Matrix API Optimization summary and a few local mode benchmarks

tomtau edited this page Sep 26, 2013 · 14 revisions

This is to provide a summary of the Scalding Matrix API optimization work that has been done as a part of the Google Summer of Code project, including a few benchmarks of the old and new Matrix API in a local mode. The main goal was about optimizing the matrix product, because it is a quite expensive operation on Map/Reduce. This was mainly done in two ways: 1) making use of the associativity, i.e. (AB)C = A(BC) (disclaimer: values may little differ in floating points), but the costs may be different.
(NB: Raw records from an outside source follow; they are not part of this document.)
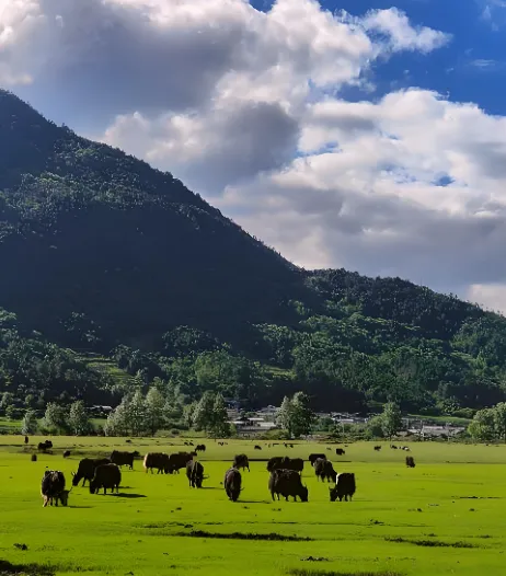 第六站:文海村——被遗忘的高山草甸这是我私藏的宝藏!位于玉龙雪山脚下,是一个未被开发的原始村落。春天有花海,夏天绿草如茵,牛羊成群,秋天有红草地。这里没有游客,只有纯粹的田园风光。您可以在草甸上露营,看星空银河。游玩策略: 路比较难走,建议包车或自驾越野。这里海拔高,紫外线强,防晒必须做足。
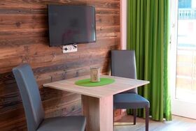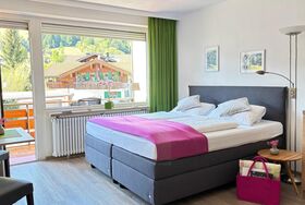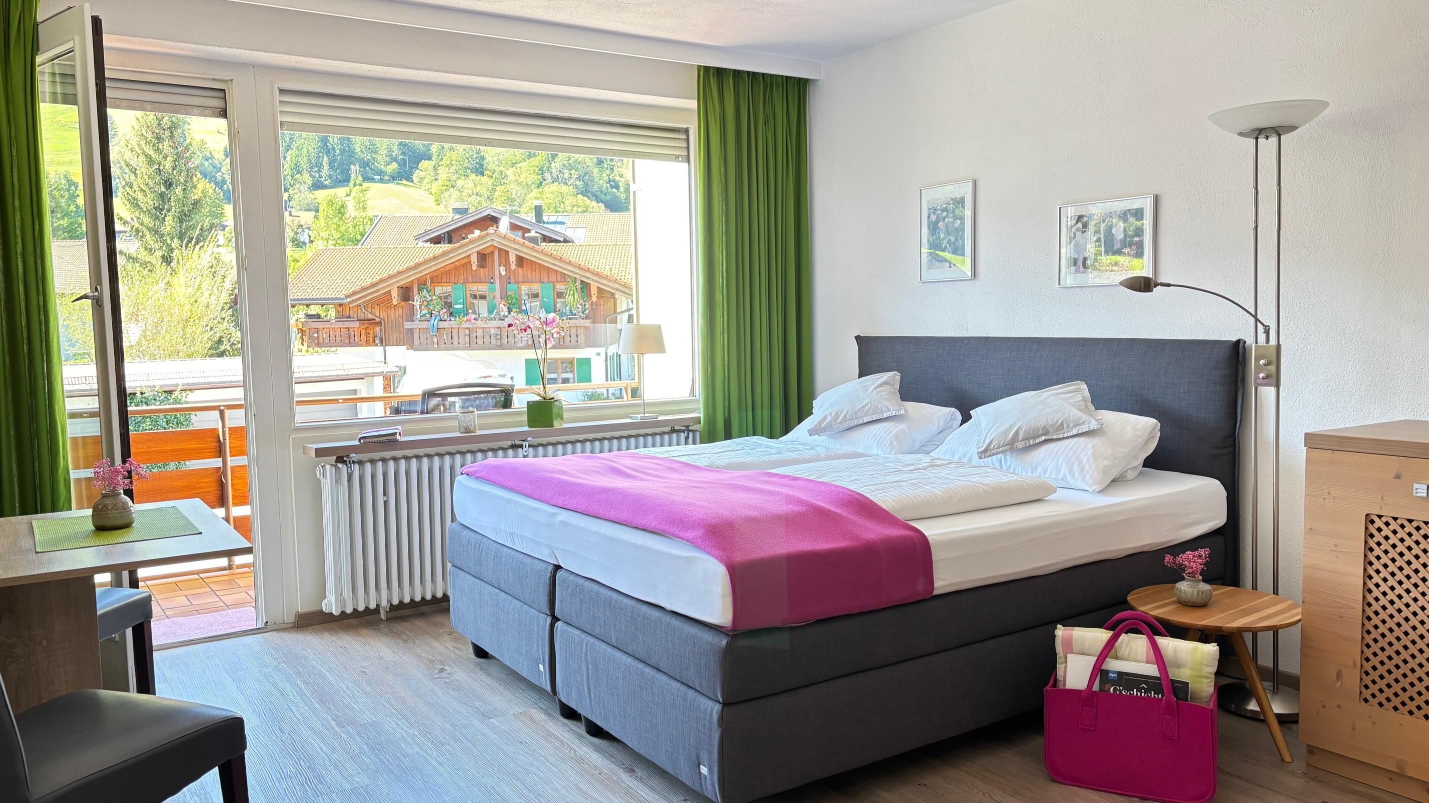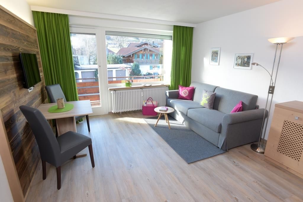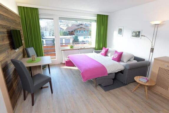 Neu renoviertes 1-Raum-Wohlfühlapartment, 28qm, 1. Etage, im Apartmenthaus in Bolsterlang, Dorfstraße 19, mit kleiner Kochnische, Wohn-Schlafbereich mit bequemer Schlafcouch (180/200), sep. Dusche und WC und Südwestbalkon mit schönem Orts- und Bergblick.
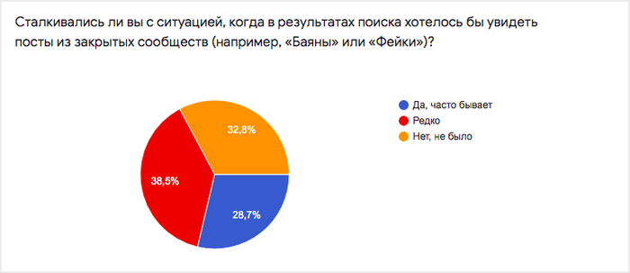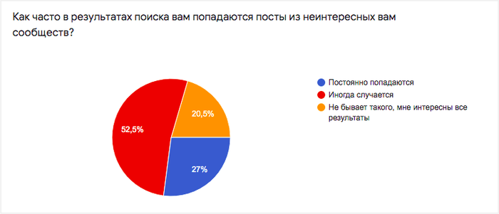 53% эта возможность пригодилась бы, так как им иногда в результатах поиска попадаются неинтересные для них сообщества. У 27% такое случается часто.

For that, the well-known dynamic programming algorithm was used (http://en.wikipedia.org/wiki/Matrix_chain_multiplication) making decisions based on provided SizeHints and with a slight change that costs of subchains are multiplied by their lengths – this is to ensure that more spread out ("bushy") trees/plans are preferred. 2) Reusing computed pipes. This gets very useful in graph propagations G^k V – if we take just G^k alone, we only need to compute a fraction of all joins (( (G G) (G G) (( GG …).

After consulting with @posco, we chose to write the optimized Matrix API from scratch rather than optimizing the existing one – firstly, it was easier to incorporate the above mentioned dynamic programming algorithm in it; secondly, TypedPipes are used (the original Matrix API pre-dates Typed API) and that also (I think) brings some performance improvement.
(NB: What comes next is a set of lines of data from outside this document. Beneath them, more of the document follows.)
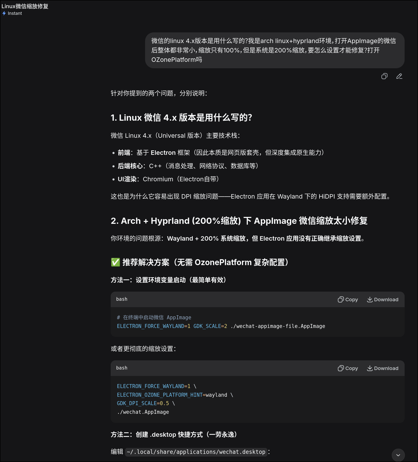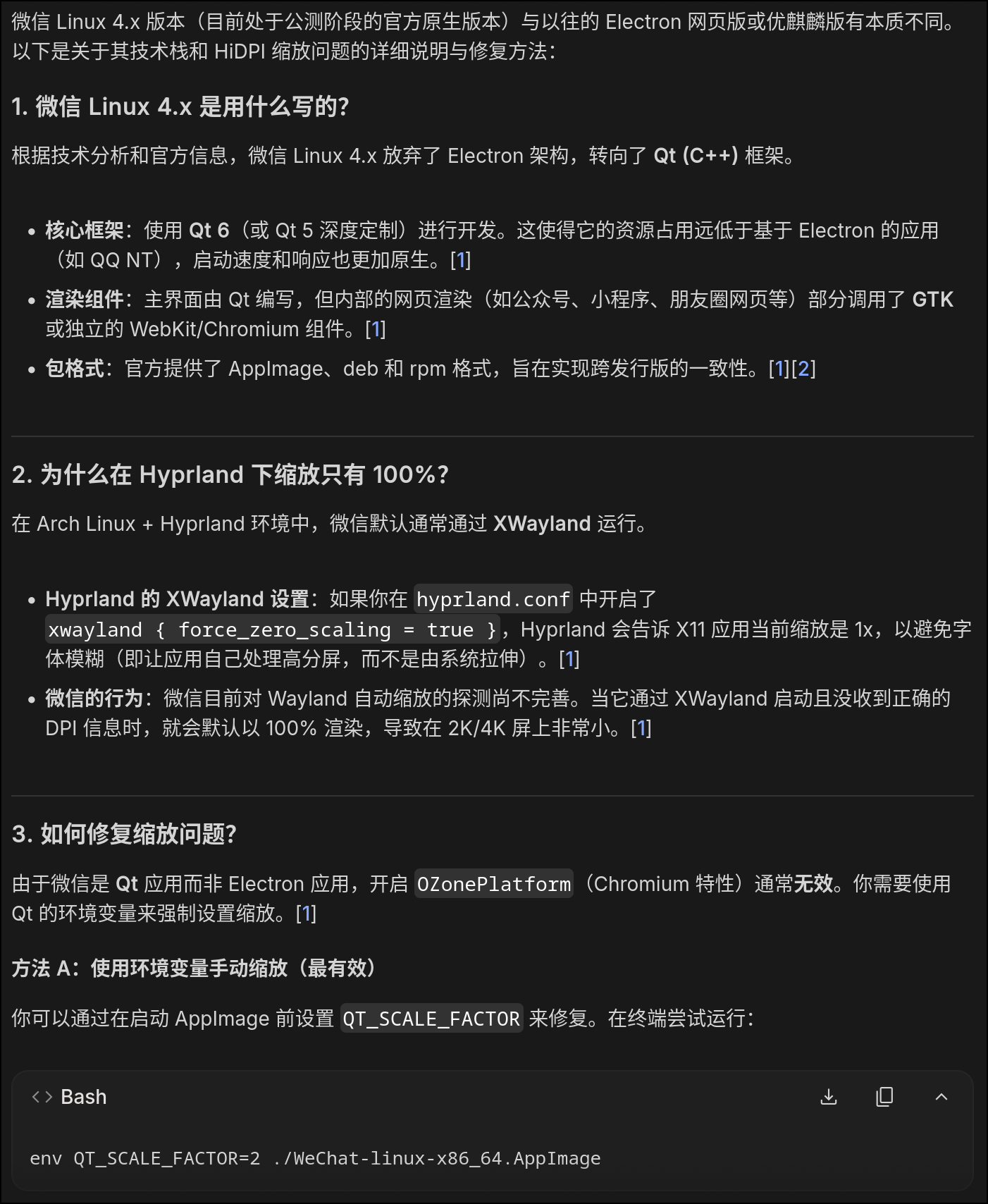 > Arch Linux + Hyprland ,4K 120hz 的 16 寸笔记本 200%缩放桌面环境下运行 4.0 版的微信 AppImage ,缩放异常,让 AI 识别并修复。还不错,正确的回答出了微信 Linux 4.0 版的技术栈,并且没有被我的提示词里猜测是 Eletron 系 App 而给出的修复参数给误导,给出了正确的缩放修复操作。
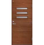 Ingela Teak klarglas är en ytterdörr i modern stil med tre horisontella klarglas. Spårfräst dekor i form av liggande panel i konstteak. Insidan är slät, men går att få dekorerad som utsidan.
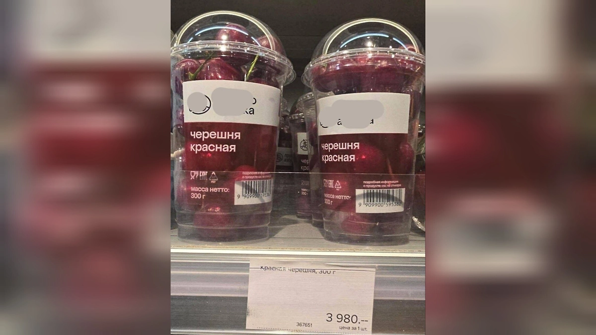 В магазинах столицы заметили на полках стаканчики с красивой красной черешней, но крайне непривлекательным ценником — 3,980 рублей за 300 грамм.

Other smaller optimizations were made in different areas. If there is a chain of matrix sums, they are all done in one groupBy. If we have a tree with (A * B) + C, A*B is computed into an outer sum, so that the whole thing can be done in two M/R passes (otherwise, it'd require three). Results of briefly benchmarking these features are shown below.
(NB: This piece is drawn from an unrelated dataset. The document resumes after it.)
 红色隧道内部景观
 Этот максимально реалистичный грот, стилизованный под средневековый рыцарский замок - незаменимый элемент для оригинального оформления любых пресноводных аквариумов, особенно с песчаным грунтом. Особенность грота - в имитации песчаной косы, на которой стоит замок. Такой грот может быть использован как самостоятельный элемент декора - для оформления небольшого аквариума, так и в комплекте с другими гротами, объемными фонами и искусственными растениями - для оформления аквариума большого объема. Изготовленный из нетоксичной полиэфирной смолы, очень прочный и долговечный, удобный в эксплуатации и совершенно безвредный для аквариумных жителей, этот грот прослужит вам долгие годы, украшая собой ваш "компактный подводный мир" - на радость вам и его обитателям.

There was also some less significant work that I didn't benchmark, namely implementing the Hadamard Product, negation and difference optimization (using an algebraic rule that (-A)B=A(-B) so just negating the smaller one), adding scalar operations and optimizing multiplication by a scalar (same as the previous case), trace optimization (trace of a matrix sum is a sum of traces of its matrices, trace(BA)=trace(AB) where the costs may differ), optimization of row L2 normalization (where computing a column sum of a sum equals to computing a sum of column sums of its matrices), and adding some extra features (such as infinite column and row vectors which can be used in intermediate computations in planning).

Benchmarks

The following benchmarks do not provide a definite answer to what speedup is obtained with the new Matrix API... they rather give an idea of what kind of improvement one may see. This is mainly because they were all executed in the local mode (I did not have a Hadoop cluster to test it on). This fact limited possible dimensions – larger ones were either crashing with java.lang.OutOfMemoryError: Java heap space, or did not seem to finish in a “reasonable” time with the old Matrix API. Given this, I omitted doing some more rigorous analysis and just roughly placed here results of each benchmark. So, feel free to contribute with your experience and/or results if you tried the new Matrix API. It would be more interesting to see the speedups on some real applications (rather than these randomly generated artificial test cases) and on a real Hadoop cluster.

Each benchmark ran two jobs – one using the old Matrix API, the other using the new API. I wrote a quick and dirty script for generating these jobs as well as generating corresponding input dense matrices. Each job was run 10 times (they did not vary too much) and the execution time was measured by the 'time' command. All benchmarks were tested on the following system configuration:

  • Kernel: Linux 3.2.0-51-generic #77-Ubuntu SMP Wed Jul 24 20:18:19 UTC 2013 x86_64 x86_64 x86_64 GNU/Linux
  • JVM: java version "1.6.0_45", Java(TM) SE Runtime Environment (build 1.6.0_45-b06), Java HotSpot(TM) 64-Bit Server VM (build 20.45-b01, mixed mode)
  • CPU: Intel(R) Core(TM) i5-3570 CPU (4 cores @ 3.40GHz)
  • RAM: 4 GB DDR3 @ 1600 MHz
  • HDD: Hitachi Hds721010cla332 Sata 7200rpm
  • Latest Scalding from twitter/scalding/develop (as of 9-5-2013)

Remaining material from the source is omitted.